Penelitian Tsang memang memberikan beberapa pandangan hati-hati tentang bagaimana penelitian harus dilakukan agar teknologi lebih aman.

Saat ini kebanyakan penelitian tentang mutasi off-target bergantung pada algoritme komputer untuk menemukan dan memeriksa area yang terkena dampak.
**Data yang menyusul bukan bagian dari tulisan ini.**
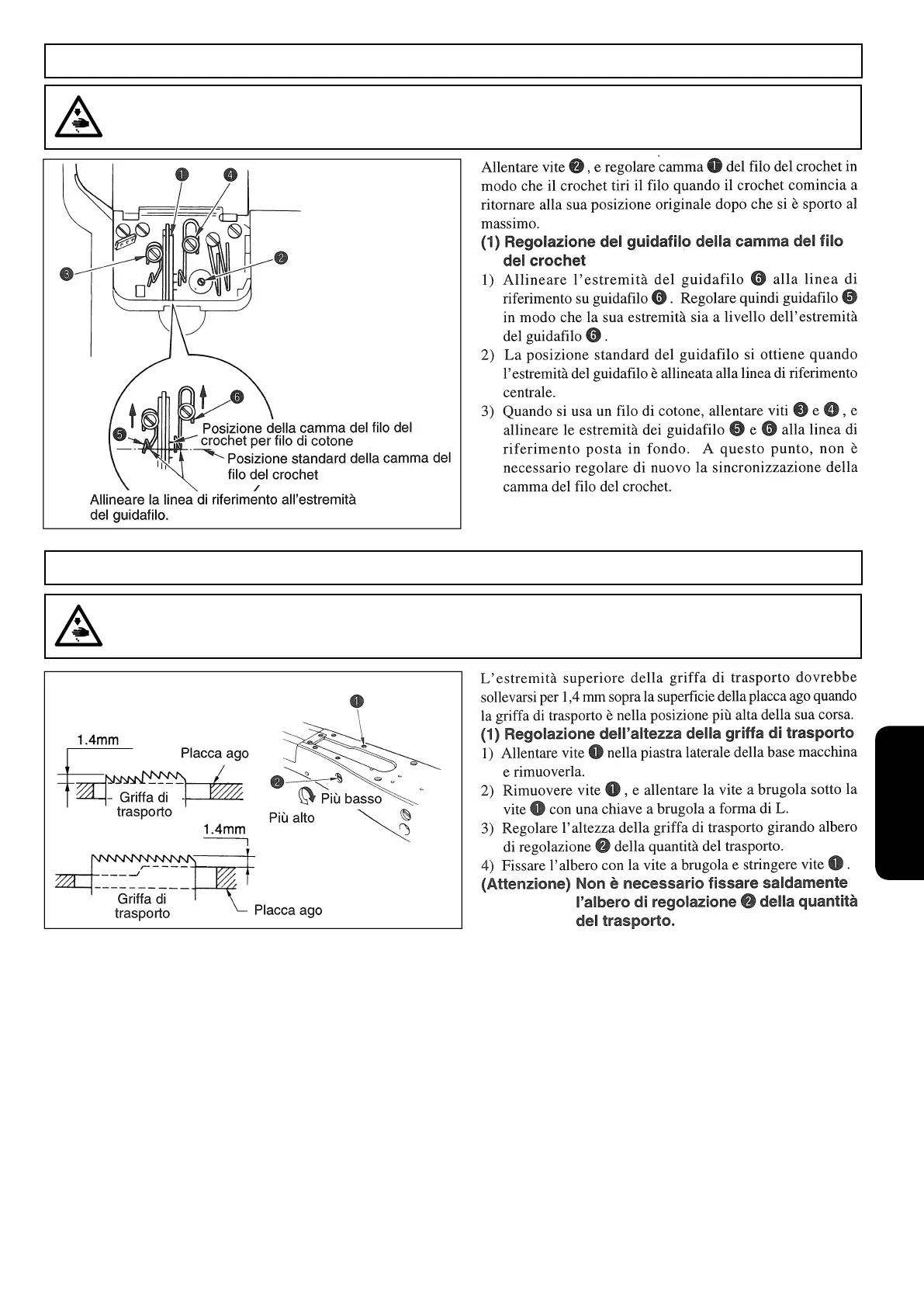 12. REGOLAZIONE DELLA CAMMA DEL FILO DEL CROCHET
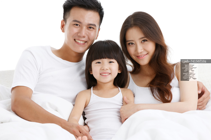 图片标题: 幸福的一家三口在卧室的床上
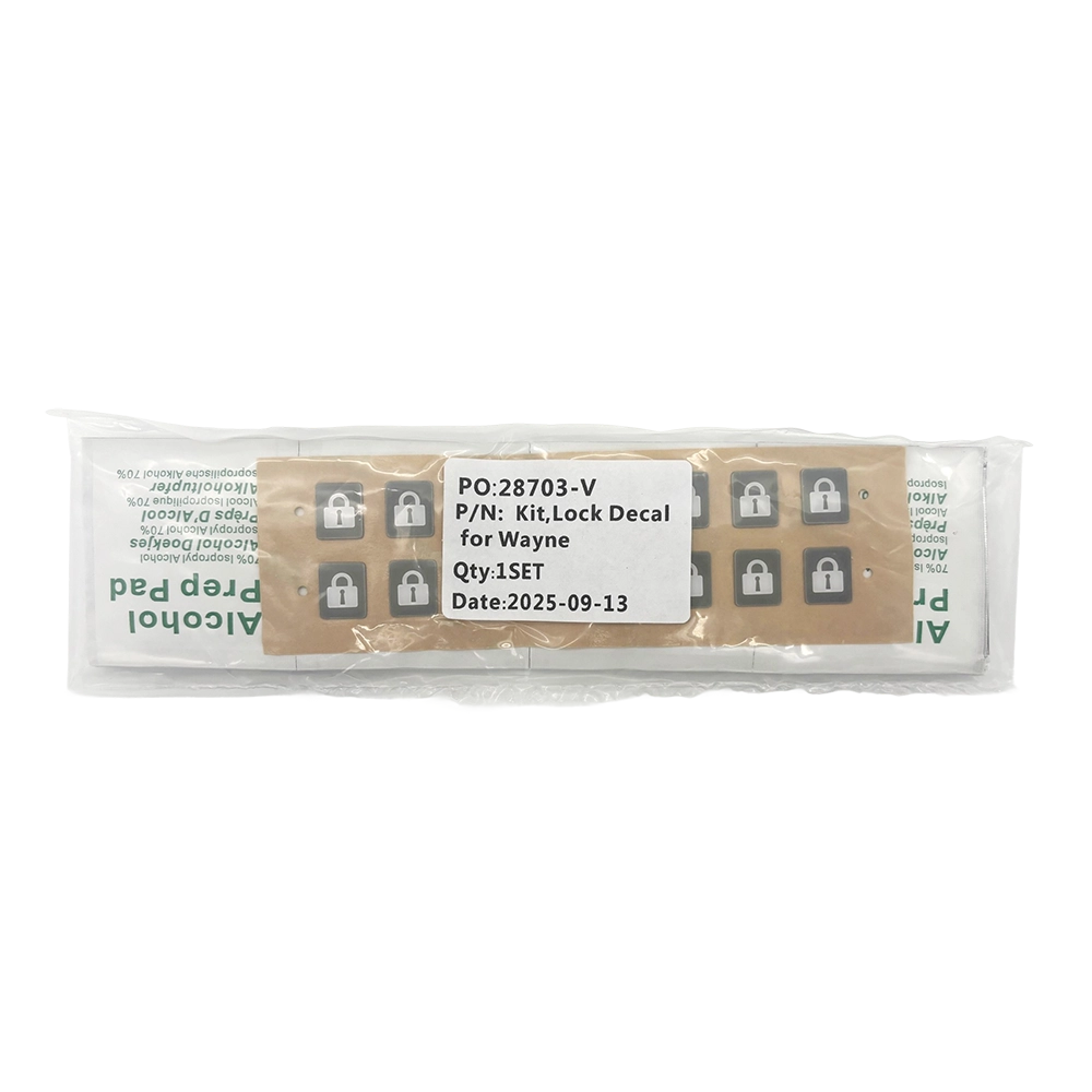 The Lock Decal Kit (part number WU018697-0001-Kit) is a Freedom Engineered set of 16 replacement labels for use on Wayne Ovation dispensers. These decals are designed to clearly mark lock points, improving visibility, security, and compliance with standard service protocols. This kit is a direct replacement for WU018697-0001-Kit.

Tsang dan timnya mengatakan bahwa ini tidak cukup bila menggunakan spesimen hidup.

"Algoritma prediktif ini tampaknya melakukan pekerjaan dengan baik saat CRISPR dilakukan di sel atau jaringan di piring, namun keseluruhan sekuens genom belum digunakan untuk mencari semua efek buruk pada hewan yang hidup," Alexander Bassuk, profesor dari pediatri di University of Iowa, dan rekan penulis studi tersebut, mengatakan dalam sebuah siaran pers.

"Peneliti yang tidak menggunakan sekuens seluruh genom untuk menemukan efek yang tidak tepat mungkin berpotensi untuk kehilangan mutasi yang penting," kata Tsang.
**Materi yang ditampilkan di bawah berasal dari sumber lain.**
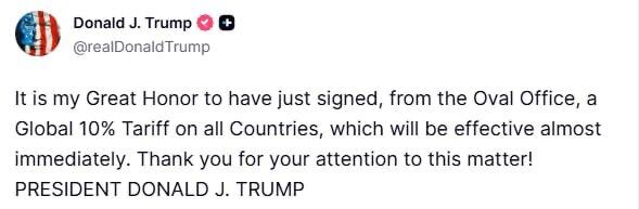 Трамп подписал в Овальном кабинете указ о введении глобального 10%-го тарифа на товары из всех стран
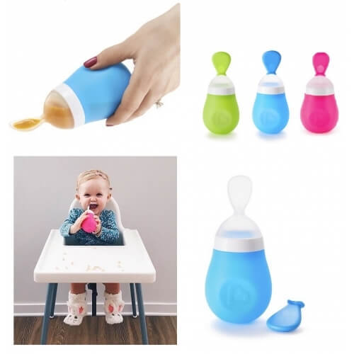 בקבוק רך עם כפית להאכלה בלחיצה.
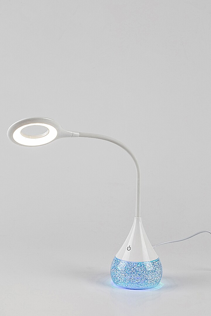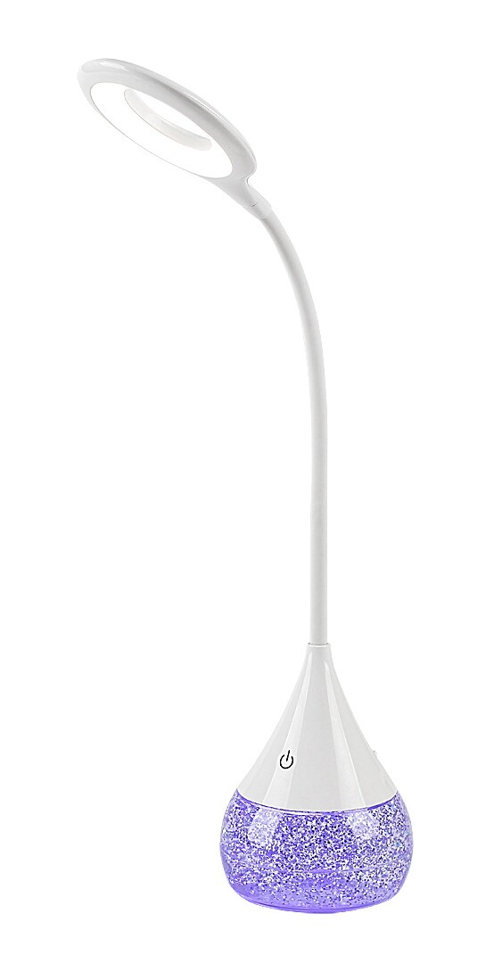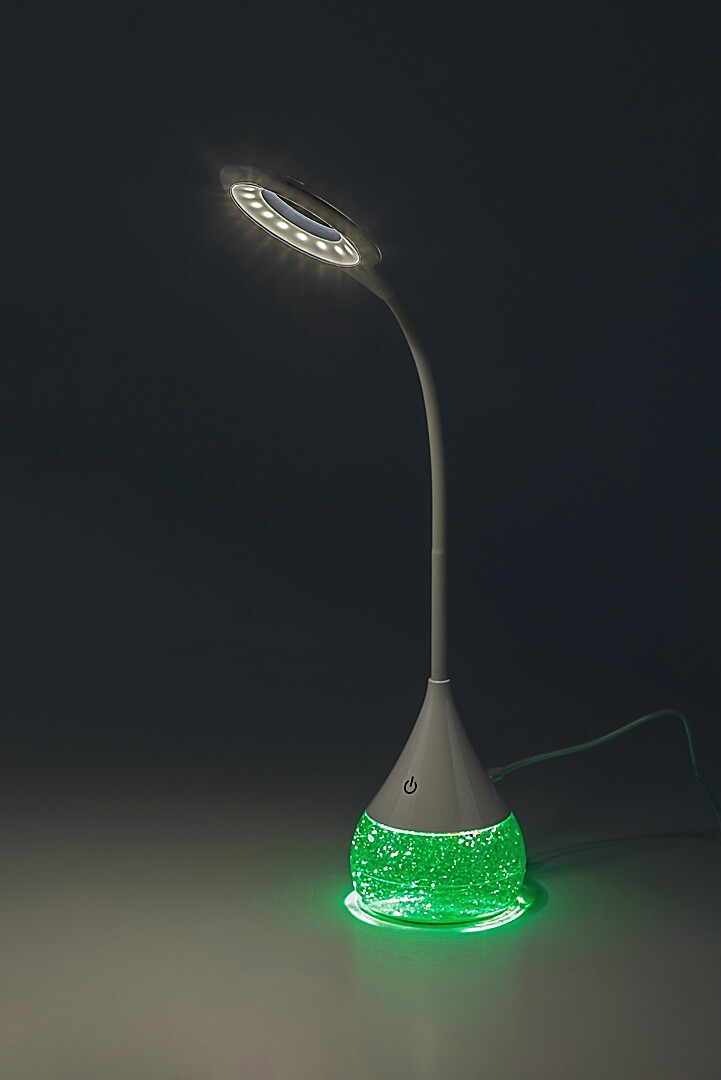 Rabalux Vivter table lamp is ideal for those looking for a complementary lamp with extensive functionality. This smart model is fully made of plastic in white. The arm is thin, cylindrical in shape and ends in a doughnut-shaped flexible lamp head. The fixture widens at the bottom, and the rotund part, which acts as a base, contains a micaceous material that can be moved - this part can be switched separately. The lamp is capable of RGB lighting, which allows the micaceous fill to shine in a wide variety of colours. The design light has a built-in LED light source that radiates a natural white light. The luminous intensity can be adjusted by a touch switch on the lower part of the lamp. The table lamp is the ideal choice for the living room, bedroom or workroom.

Baca lebih lanjut: Pengeditan gen bisa digunakan untuk melawan penyakit yang ditularkan nyamuk »

CRISPR bergerak maju dengan cepat

Studi ini datang pada saat yang penting.

China telah memulai uji coba manusia pertamanya dengan menggunakan CRISPR-Cas9.

Amerika Serikat akan memulai tesnya sendiri tahun depan.

Bidang penelitian bergerak cepat - mungkin terlalu cepat.

"Kami berharap temuan kami akan mendorong orang lain untuk menggunakan sekuens seluruh genom sebagai metode untuk menentukan semua efek yang tidak tepat sasaran dari teknik CRISPR mereka dan mempelajari versi yang berbeda untuk pengeditan yang paling aman dan paling akurat," kata Tsang.

Jasanoff jauh lebih blunter.

"Kita harus mengesampingkan anggapan bahwa manfaat CRISPR sudah terbukti, dan yang perlu kita khawatirkan hanyalah risiko," katanya.